I am sure the Governor thinks this was a nice concession, but that this even arises is problematic. As the Judge states, many of these male prisoners are legally women and it is only a matter of time before they demand unfettered access to all areas of the female estate and at all times. In fact, part of the prison’s arguments was that they have to balance rights and that “As an indication of the difficulty of striking a correct balance, Ms Hannett points out that the Defendant faces both this claim and a claim by transgender prisoners allocated to E Wing who seek transfer to the general women’s population” (paragraph 54). And the Judge echoed this, stating that the prison has to balance the rights of women and men. The Judge accepted that the placing of men in the women’s estate did give rise to anxiety amongst the prisoners and there was some danger, but it could be managed.

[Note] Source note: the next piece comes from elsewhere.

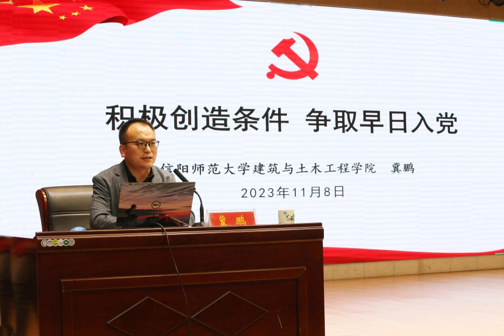 11月8日晚,BEAT365英国官网党委副书记冀鹏应邀在理科楼报告厅为信阳师范大学第40期党员发展对象培训班作《积极创造条件 争取早日入党》专题报告,共有649名党校学员通过线上+线下形式聆听报告。

78. However, the subjective concerns of women prisoners are not the only concerns which the Defendant had to consider in developing the policies: he also had to take into account the rights of transgender women in the prison system.

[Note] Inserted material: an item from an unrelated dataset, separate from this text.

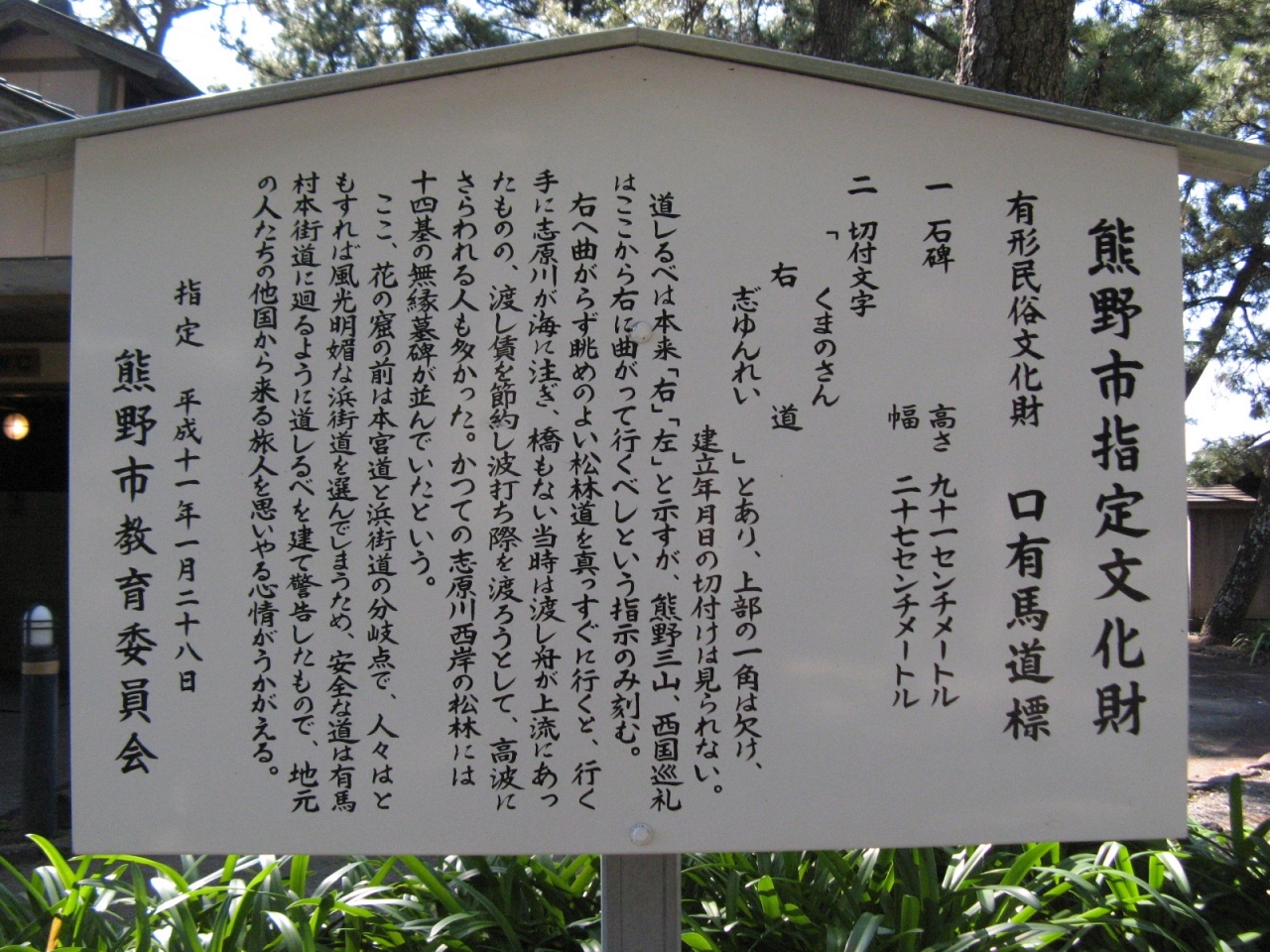 説明板(添付写真参照)には、『ここ、花の窟の前は本宮道と浜街道の分岐点で、人々はともすれば風光明媚な浜街道を選んでしまうため、安全な道は有馬村本街道に廻るよう警告したもの』という説明があります。旅人は景色の良い海岸線に向かいがちというのは昔も今も変わらないという意味で興味深く観ることができました。熊野市指定文化財になっています。

79. Throughout the policies, the need to assess and manage all risks is repeatedly emphasised. A transgender woman, with or without a GRC, who is assessed as suitable to be accommodated in the general population may be subject to restrictions if necessary. A transgender woman with a GRC will, if necessary for the safety of herself and/or others, be accommodated on E Wing and have no unsupervised contact with women prisoners elsewhere in the prison. In an exceptional case, a high risk transgender woman, even with a GRC, can be transferred to the male estate because of the higher level of security which is there available. (Bold added)
Once again, the dangers are acknowledged but it is left to the implementation of safety protocols by the prison itself. While not even the Judge denies the problems, he just minimises them and assumes women’s concerns are not based on a personal knowledge or analysis of “male patterns of violence” but are rather subjective – the modern version of hysterical women who should get a grip of themselves. It is clear from this Judgement where we are headed.
The problems raised cannot be resolved in the context of current legislation, as the judges are willing to overlook the safety of women in pursuit of a balance between their rights and those who would potentially sexually assault them. The Gender Recognition Act needs to be abolished, no ifs or buts. Those statutory voids that exist in penal policy need to be rectified and women given an explicit right not to share accommodation with men. Men claiming to be women should be housed in the male estate or in a specialised stand alone unit not connected in any shape or form to the female estate.
Much was made by the Judge of the protocols and evaluations that are made when placing men in the female estate. However, it is never explained why this cannot be done within the male estate, where they should be held. No evaluations are made as to how to keep them safely within the male estate, only as to how to “safely” place them in the female estate, which we know does not work. The seven “statistically insignificant” rapes are testimony to that fact. This is an appalling Judgement on so many levels, and many sex offenders will now take advantage of it. Soon we will have men parading around the same areas as women, including the showers. If, as the Judge does, it is accepted that these men are women, then there is no reason to exclude them from all areas of the female estate: a dangerous precedent has been set.
Gearóid Ó Loingsigh
About the author: Gearóid Ó Loingsigh is a political and human rights activist in Latin America and has published a number of reports on prisons in Colombia. Prior to the Covid-19 pandemic he regularly visited prisons in Bogotá, Medellín, Cúcuta, Bucaramanga and Valledupar to carry out workshops with prisoners. Gearóid has given talks to and workshops with grassroots rural and student based organisations on prison issues and also conflict and development.